Increasing real valued function whose image set is connected
Let $S = [0,1) \cup [2,3]$ and $f\colon S \rightarrow \mathbb R$ be such that $f(S)$ is connected . Which of the following are true:
a) $f$ is discontinuous exactly at one point.
b) $f$ is discontinuous exactly at two points.
c) $f$ is discontinuous at infinite many points.
d) $f$ is continous.
I think $f$ is continuous . We need to show that $\lim_{x \to a^+}f(x) = f(a)$ for any $a \in S$. Since $f(x)$ is increasing, $\lim_{x \to a^+}f(x) \leq f(a)$. Suppose $\lim_{x \to a^+}f(x) < f(a)$. Then there is $l$ such that $\lim_{x \to a^+}f(x) < l <f(a)$, which contradicts connectedness of $f(S)$. Similarly we can show that $\lim_{x \to a^-}f(x) = f(a)$.
I would be thankful if anyone would check my solution and correct me if there are any errors.
Solution 1:
Your proof is pretty good but it has a couple of loose ends you should tie up. First, you assume $\lim_{x\rightarrow a^{+}}f(x)$ exists. It does, but you need to show it. One way would be to let $x_n$ be any sequence such that $x_n\to a$ and $x_n$ is monotone decreasing. Then $\langle f(x_n)\rangle$ is monotonically decreasing and is bounded below by $f(0)$. Therefore $\langle f(x_n)\rangle$ converges by the monotone convergence theorem. Thus you can conclude the continuous limit converges.

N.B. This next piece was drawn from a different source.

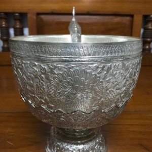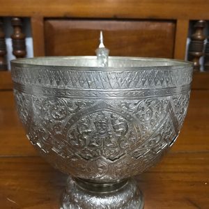 พานทองเหลืองเก่า ลายกลีบมะเฟือง ขนาดเส้นผ่าศูนย์กลาง 24 ซม. สูง 14 ซม.
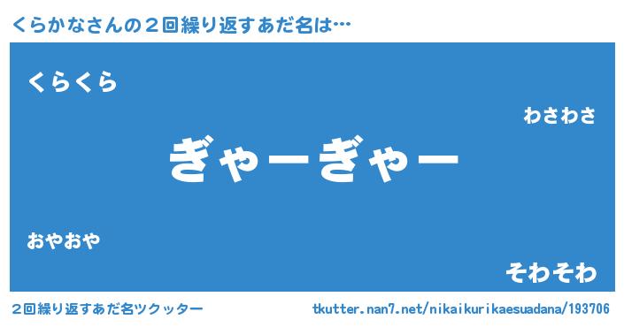 | 男性向けラノベタイトル風あだ名 | 『くらかなという概念が存在しない退屈な世界 』 |

Next you should show why $\lim_{x\rightarrow a^{+}}f(x)<\ell<f(a)$ implies $f(S)$ is not connected. You can say for example that if $A=f(S)\cap(-\infty,\ell]$ and $B=f(S)\cap[\ell,\infty)$ then $S=A\cup B$ a disjoint union of closed sets in $f(S)$ which is impossible if $f(S)$ is connected.